Frazier, who was the Derby runner-up to Yoenis Cespedes last year in Minneapolis, became the third Reds player to win a Home Run Derby, following Dave Parker, who won the first one in 1985, and Eric Davis in '89. Frazier is also only the second player from the host team to win, the first since the Cubs' Ryne Sandberg in 1990. Frazier was presented with the Home Run Derby trophy by MLB executive Joe Torre.
"Bringing this hardware home is something I've always wanted to do and it's just an unbelievable feeling," Frazier said. "Once I wake up in the morning, understand really what happened, it is going to be exciting to see this in my house."

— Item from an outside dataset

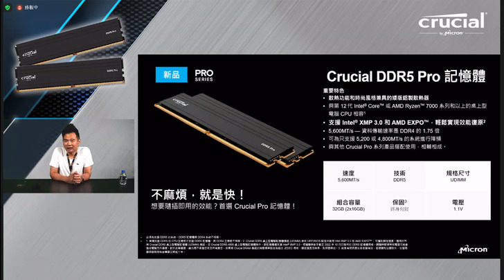 繼先前Micron Crucial 推出了 DDR5-5600裸條 kit包裝的產品之後
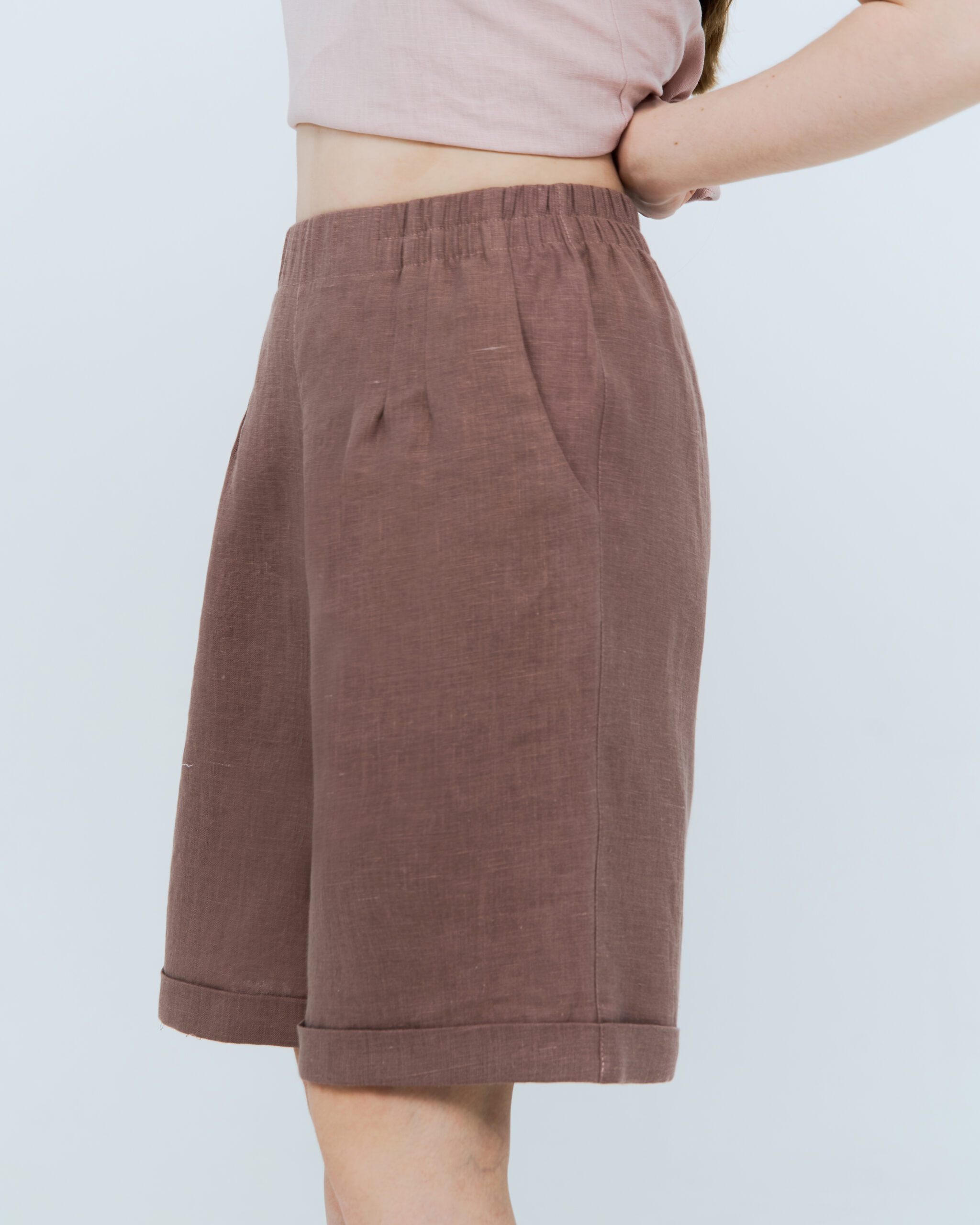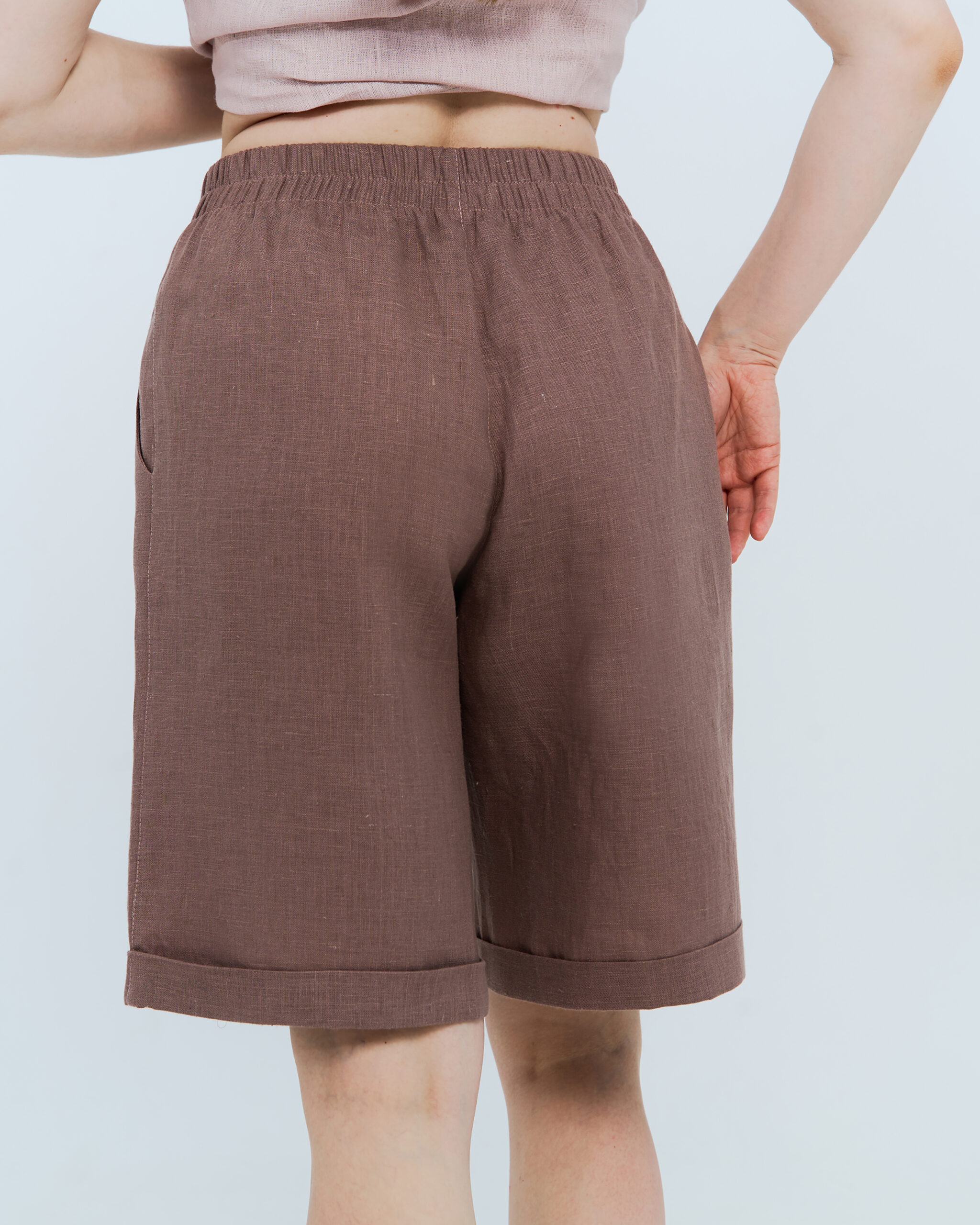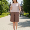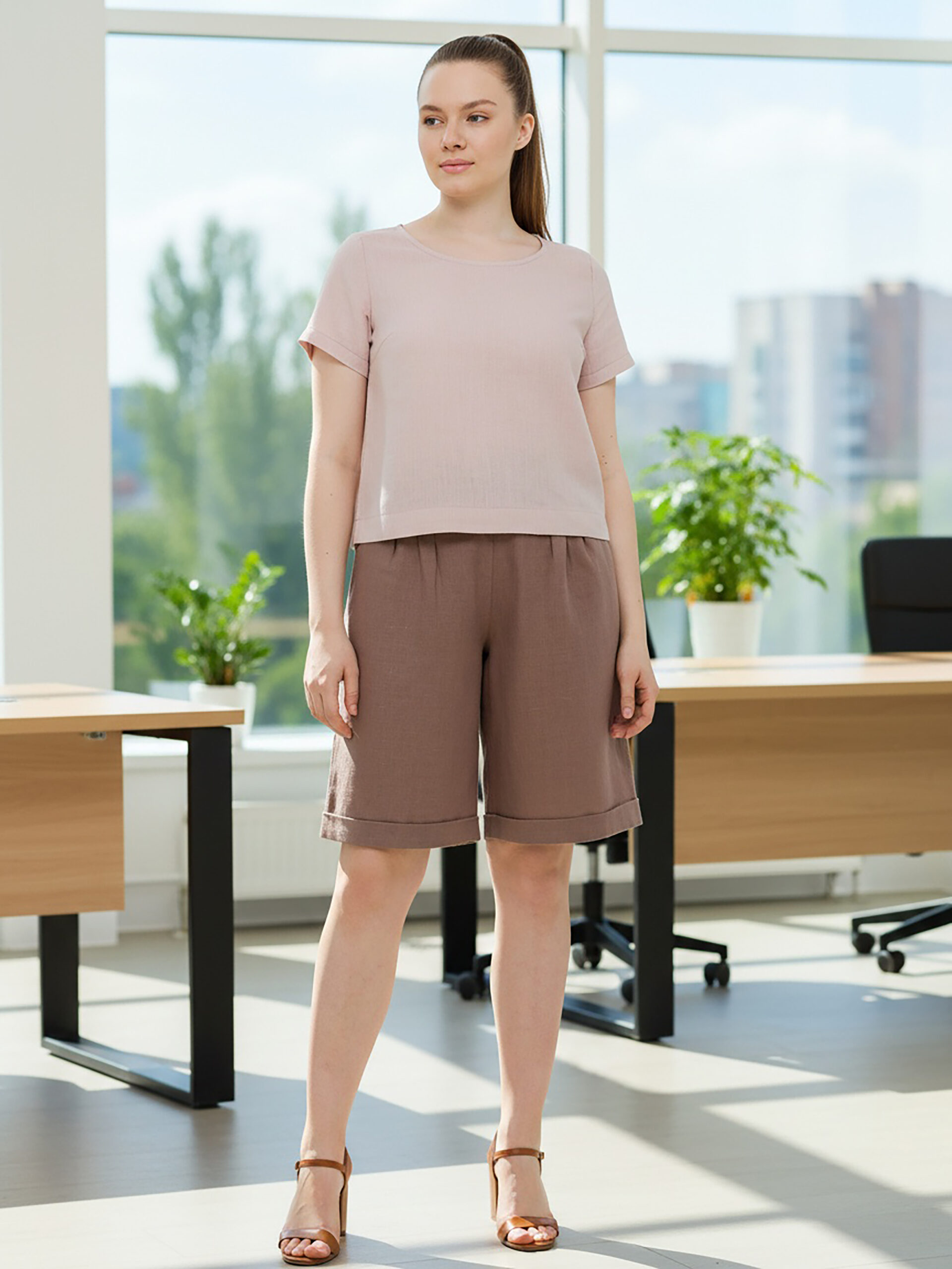 Льняные шорты -отличный выбор для теплого времени года. Этот стильный элемент гардероба сочетает комфорт и модные тенденции, подчеркивая красоту девушек и женщин. Бермуды выполнены из натурального льна, что обеспечивает приятное ощущение прохлады в жаркую погоду. Шорты с высокой талией идеально подходят для создания летнего образа как для пляжа, так и для прогулок у моря.Свободные бермуды обеспечивают свободу движений и создают эффектный силуэт. Шорты-бермуды – классический базовый вариант гардероба девушек и женщин старшего возраста. Стильные бермуды подходят женщинам разных возрастов благодаря своей универсальности. Плотная структура материала гарантирует долговечность изделия даже при частом ношении. Благодаря классическому дизайну такие шортики гармонично впишутся в любой гардероб, добавляя нотку летней моды к любому стилю. Широкий крой позволяет чувствовать себя комфортно даже в самые теплые дни лета, а материал из натурального льна поддерживает естественную вентиляцию кожи. Это практичный вариант одежды для девушек, которые ценят удобство без ущерба для внешнего вида. Такие свободные бермуды станут вашим любимым выбором не только для отпуска или путешествий к морю, но также и для домашних условий.

The Derby caught its first break when rain held off until well after the event ended. Then new rules in place for 2015 added timed rounds of four minutes and an eight-player single-elimination bracket that proved instantly popular. That change played into Frazier's hands as he batted second in each round as the higher seed.
Frazier, the No. 2 seed, defeated Rangers first baseman Prince Fielder in the first round and then knocked out Blue Jays third baseman Josh Donaldson in Round 2.
All three rounds required a lot from Frazier to overcome his challenger. Fielder hit 13 homers in the opening round. Frazier was able to equal the two-time winner with his 13th coming with seconds remaining, landing in the left-field seats. After a brief break before bonus time, Frazier crushed home run No. 14 on his first swing to defeat Fielder.
"Two-time champion, that's huge," Frazier said. "The format fit well. I honestly didn't know how many I was going to need. Thirteen, in these Derbies now, usually gets you past. I started off slow and got into a little groove."
In Round 2, Donaldson got off to a slow start, but he rallied to hit nine homers. He also knew he was not the crowd favorite.
"Honest to God, I didn't even know who I was going up against in the second round, but after 30-40 seconds into it, I could start to hear people boo me," Donaldson said. "Then mid-swing, I was like, 'Oh, I'm going up against Frazier.' Good for them. He put on an awesome performance tonight."
The crowd chanted "Let's go Frazier" as Frazier sat on eight homers with a minute remaining. But with 11 seconds to spare, homer No. 9 came, followed by No. 10 just as time expired, landing in the left-center-field bullpen as Reds fans screamed.
Pitching to Frazier for the second time in the Derby was his brother, Charlie. The two tried to keep the flow going in all three rounds.
"We wanted to work fast," Charlie Frazier said. "We didn't want to put any thinking involved. We just wanted to put as many pitches as we can. He was swinging at everything -- you could see that -- even if they were low or high. So we just got on the same pace."
The left-handed Pederson set another high bar and opened the finals with 13 homers. Needing two to tie with 40 seconds left, Frazier hit one to left field for 13. He tied Pederson with 14 with 10 seconds remaining.
On the first swing of his 30-second bonus came No. 15 -- and a perfect ending for Cincinnati. Triumphantly, Frazier lifted a championship belt like a wrestler. His favorite singer, Frank Sinatra, played in the ballpark -- "I did it my way." He did indeed, with panache.
It's been a trying first half for the Reds, who are below .500 and struggling. Trade speculation of top players, but not Frazier, is rampant. For one night -- that was way in the background. Cincinnati fans had their winner right in front of them on what proved to be a magical night.
"This is the way you play the game," Frazier said. "You play for your family, your friends because you love the game. Your fans are right behind you in your court. We're having a tough year this year, let's be frank. Still got a lot of games to go. That Wild Card can come real quick. You saw what the Dodgers did one year. You never know what's going to happen."